I may have fixed it, or at least it looks promising. I can now:

Make a change -> Save and Quit Xojo -> Run Xojo and make another change -> Save and Quit Xojo -> Run Xojo and the second change has saved.

To get it to this point I deleted the project folder and Cloned the project again from Github (though this is the same version of the project which is not working on my other computer). I also switched to the all new version of the Github Desktop client.

I’m going to have to watch this sucker closely for a few days…

This is a macOS fault that reaches Xojo now as well.
Thanks for the warning.

Crikey. :frowning:

Maybe as a workaround, start your Git Client and see if the Changes have been Saved, befor you Close the Project?
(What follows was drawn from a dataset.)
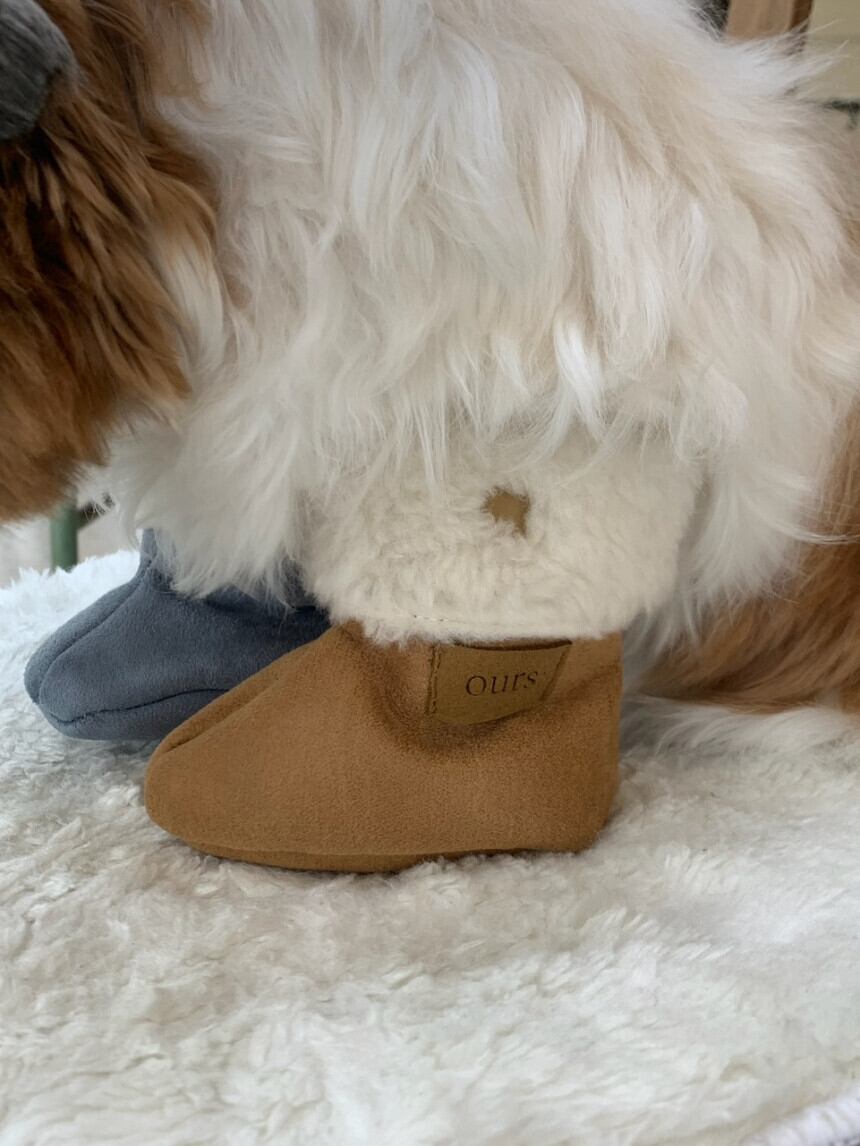 -素材: 表スエード生地 + 裏地 (ポリ50 + アクリル50) 国産フェイクウール生地

Yes I think that is a good idea and I’ve been using it in this way, but it’s a helluva way to live! :wink:

I via iTerm created a new directory, copied the xojo code (not the .git repo) over to the new directory. rebooted (on a Mac I am not sure why I did that). and tried it on the new directory and it worked.

once it worked, I deleted the old directory. renamed the new directory to the old name. rebooted (again not sure why but I did anyways). and it still works. go figure.

Thank you Scott. That’s essentially what I did, though I just deleted the project folder and re-cloned from Git. The odd part is that the problem existed on two separate Macs after Github Desktop synced the code so I have been thinking that the problem must exist within the folder somehow, eg to one or more of the project items. Anyway I’ll try this at work today, keep an eye on it and report back again.

Just reporting back to say that the problem has not re-occured since I deleted the folder.

Different problem / Software, same kind of “feature”: saved image is incomplete on Sierra (not High Sierra):

In Preview: copy an image, pasted it into another (in another window), save and only the other is saved (png). Click outside the pasted one (to unselect it), save, worked once, but not all the time. Strange too.

BTW: for once, I do not installed the newly released (High Sierra) OS; I will download it sometimes in the future… (next month ?)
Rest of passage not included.